START Information shown

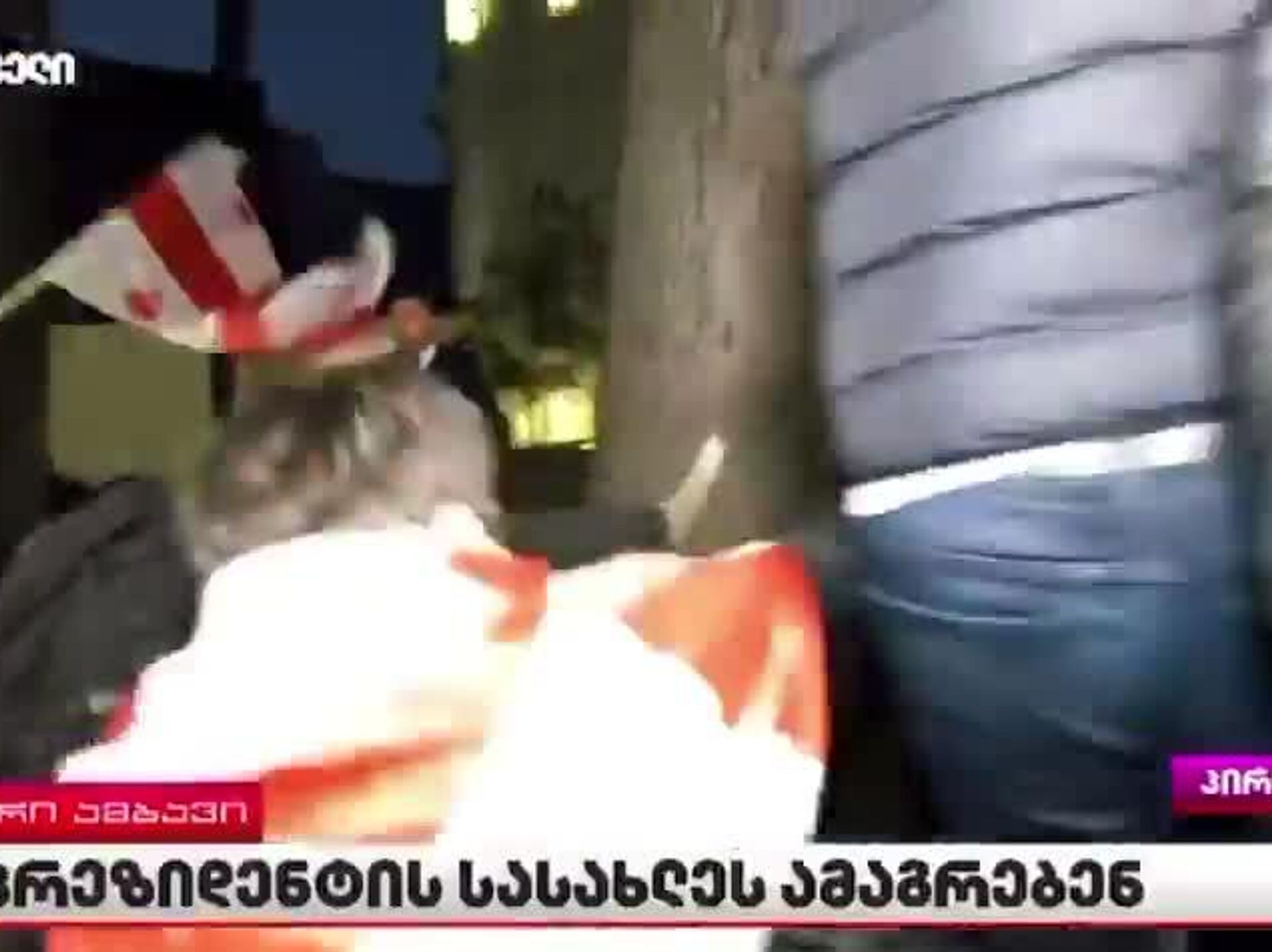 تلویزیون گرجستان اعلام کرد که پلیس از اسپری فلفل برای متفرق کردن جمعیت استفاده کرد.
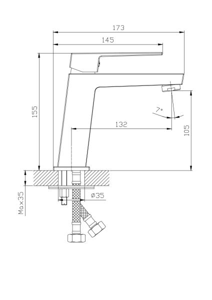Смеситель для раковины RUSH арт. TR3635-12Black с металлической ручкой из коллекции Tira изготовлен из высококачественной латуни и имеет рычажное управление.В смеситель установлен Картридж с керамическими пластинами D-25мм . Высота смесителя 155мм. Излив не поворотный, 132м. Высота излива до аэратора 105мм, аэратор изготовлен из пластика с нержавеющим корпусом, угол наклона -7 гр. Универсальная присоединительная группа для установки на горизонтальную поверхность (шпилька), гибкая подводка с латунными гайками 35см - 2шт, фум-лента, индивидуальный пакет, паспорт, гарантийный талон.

END Information shown
START Information shown

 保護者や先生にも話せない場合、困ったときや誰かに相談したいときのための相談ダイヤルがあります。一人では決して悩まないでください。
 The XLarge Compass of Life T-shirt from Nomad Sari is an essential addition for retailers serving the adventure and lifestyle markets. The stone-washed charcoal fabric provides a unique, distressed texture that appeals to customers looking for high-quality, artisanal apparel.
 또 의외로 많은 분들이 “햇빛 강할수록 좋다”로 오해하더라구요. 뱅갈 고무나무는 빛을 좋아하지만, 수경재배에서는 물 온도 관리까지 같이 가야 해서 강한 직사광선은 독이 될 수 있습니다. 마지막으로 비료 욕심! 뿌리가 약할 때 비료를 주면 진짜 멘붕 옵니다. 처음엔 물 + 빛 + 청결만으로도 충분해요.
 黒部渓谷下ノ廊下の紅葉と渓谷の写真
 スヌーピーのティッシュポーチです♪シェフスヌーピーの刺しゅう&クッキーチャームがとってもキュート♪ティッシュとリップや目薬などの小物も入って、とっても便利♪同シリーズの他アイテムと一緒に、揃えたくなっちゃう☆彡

END Information shown

▶ **Your goal**: Take the lines above starting at the one containing "تلویزیون گرجستان اعلام" and ending at the one containing "Смеситель для раковины", and print them again exactly, without pictures.

▶ **Response**:
 تلویزیون گرجستان اعلام کرد که پلیس از اسپری فلفل برای متفرق کردن جمعیت استفاده کرد.
Смеситель для раковины RUSH арт. TR3635-12Black с металлической ручкой из коллекции Tira изготовлен из высококачественной латуни и имеет рычажное управление.В смеситель установлен Картридж с керамическими пластинами D-25мм . Высота смесителя 155мм. Излив не поворотный, 132м. Высота излива до аэратора 105мм, аэратор изготовлен из пластика с нержавеющим корпусом, угол наклона -7 гр. Универсальная присоединительная группа для установки на горизонтальную поверхность (шпилька), гибкая подводка с латунными гайками 35см - 2шт, фум-лента, индивидуальный пакет, паспорт, гарантийный талон.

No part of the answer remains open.